# First jerky batch in the Big Chief (Q-view)



## dukeburger (Oct 4, 2014)

Haven't posted here in a while as I havent smoked much of anything in 3 or so years, but I'm back!

Moving across the country forced me to leave my GOSM propane smoker behind, so I decided to dive into the electric smoker world and picked up a Big Chief from Cabela's.

Made a custom stand for it at work and doing small batch of my jerky today.

Marinated 24 hours in a mixture of soy sauce, worcestershire, BullsEye Steakhouse Sauce, brown sugar, Tobasco, garlic, onion, black pepper, crushed red pepper, cayenne pepper. Smoked with hickory chunks.

Would love to hear about others' experiences with the Big Chief and jerky.

I will post some more pics througout the day.













IMG-20141004-00309.jpg



__ dukeburger
__ Oct 4, 2014


















IMG-20141004-00308.jpg



__ dukeburger
__ Oct 4, 2014


----------



## dukeburger (Oct 4, 2014)

Almost 5 hours in.
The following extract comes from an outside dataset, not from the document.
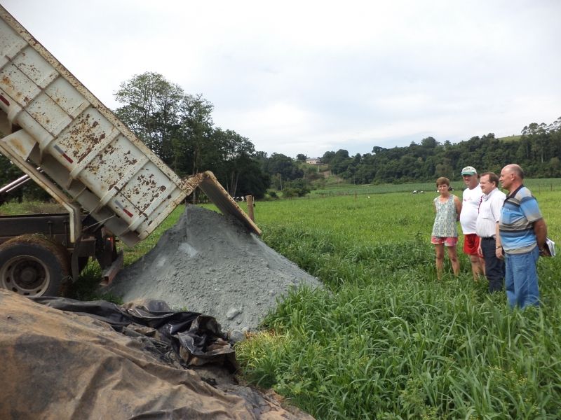 A Secretaria de Agricultura está trabalhando na distribuição de calcário, cloreto de potássio, super fosfato triplo e composto orgânico para correção dos solos nas propriedades rurais inscritas no Programa de Implantação e Renovação de Pastagens Permanentes. A ação faz parte do contrato assinado em janeiro deste ano no Ministério da Agricultura, Pecuária e Abastecimento (MAPA), onde a administração municipal garantiu a captação de R$ 100 mil em recursos para os produtores do município, por meio do Programa de Correção de Solo. Ao todo está prevista a implantação de 150 hectares de pastagens permanentes, beneficiando cerca de 50 produtores inscritos. Cada propriedade recebe o material necessário de acordo com análise técnica realizada pela Emater. O Prefeito Sidnei Eckert e o Secretário de Agricultura, Valmir Rauber acompanharam essa semana a distribuição do material na propriedade do casal Telmo e Clair Hentges, de Forqueta Baixa. Com 23 vacas leiteiras, das quais 17 em lactação, o casal trabalha sob uma perspectiva positiva, registrando mais de 100% de aumento da produção leiteira desde 2010, quando a meta inicial era de 50 mil litros de leite e o registro final foi próximo de 60 mil. –Em 2011 projetamos 72 mil litros e quase atingimos a marca dos 100 mil. Este ano nossa meta era de 120 mil, mas devemos chegar a 130 e para 2013 queremos alcançar a marca dos 150 mil litros–, projeta o produtor. Além do gado leiteiro, o casal também cria 500 suínos. –A principal vantagem da pastagem permanente é a economia que fazemos no trato e na mão de obra, já que temos pasto pros animais praticamente o ano inteiro–, explica Hentges. Rauber afirma que esta é uma das iniciativas de incentivo da administração municipal em prol do setor primário. –Buscamos este e outros recursos junto aos Governos Federal e Estadual, visando aprimorar o setor primário, através de subsídios capazes de melhorar as condições de trabalho e a renda do produtor rural–, explica o Secretário. Legenda: Prefeito Sidnei Eckert e Secretário de Agricultura Valmir Rauber acompanham a distribuição de calcário na propriedade do casal Telmo e Clair Hentges, de Forqueta Baixa. Fotos: Maica Viviane Gebing Texto: Assessoria de Imprensa

Turning out real nice so far, much easier to keep the temps down than in my GOSM. Thinking of letting it dry with no smoke until the bend test passes.













IMG-20141004-00311.jpg



__ dukeburger
__ Oct 4, 2014


----------



## dirtsailor2003 (Oct 4, 2014)

Looking good. Sold my Big Chief before a move years ago(wish I hadn't). Smoked a bunch of salmon, fish jerky, and beef jerky. So much that I wore out the burner. Just used a hot plate after that. Good smokers. If you haven't already tossed it Keep the box so you can cold smoke cheese and other things like bacon!


----------



## dukeburger (Oct 4, 2014)

I still have the box. I'm itching to try out some smoked cheese and bacon this winter!


----------



## themule69 (Oct 4, 2014)

It looks tasty. You will be eating good soon. You will also love the smoked cheese.

Happy smoken.

David


----------



## rob sicc (Oct 4, 2014)

Nice looking jerky.  Great job and nice Qview.


----------



## dukeburger (Oct 4, 2014)

Thanks guys. Bend test passed at 10 hours!

I must say I'm a big fan of the Big Chief after this "trial run".

Jerky tastes great, but I may tweak the recipe a tad. Has anyone tried maple syrup in their mix? It's something I may try next.

Can't wait to do more Q-views in the future.

Final product:













IMG-20141004-00314.jpg



__ dukeburger
__ Oct 4, 2014


----------



## crazymoon (Oct 8, 2014)

I still have a big chief out in the garage but it doesn't see use anymore. It always worked great but wasn't insulated so I had to stick it in the living room fireplace to smoke in cool temps. Your jerky looks great,as I always say beer and jerky means life is good !


----------



## dirtsailor2003 (Oct 8, 2014)

When you get to try some cold smoking, look into getting an AMNTS, or AMNPS from AmazN Smokers. The chief does okay with the chips and pan, but for longer smokes the above smoke generators will work better. Plus you'll have very minimal heat gain.


----------



## crazymoon (Oct 9, 2014)

dirtsailor2003 said:


> When you get to try some cold smoking, look into getting an AMNTS, or AMNPS from AmazN Smokers. The chief does okay with the chips and pan, but for longer smokes the above smoke generators will work better. Plus you'll have very minimal heat gain.


 I like your idea ,I could use my Chief w/AMNPS and no electricity as my cold smoker. Thanks !


----------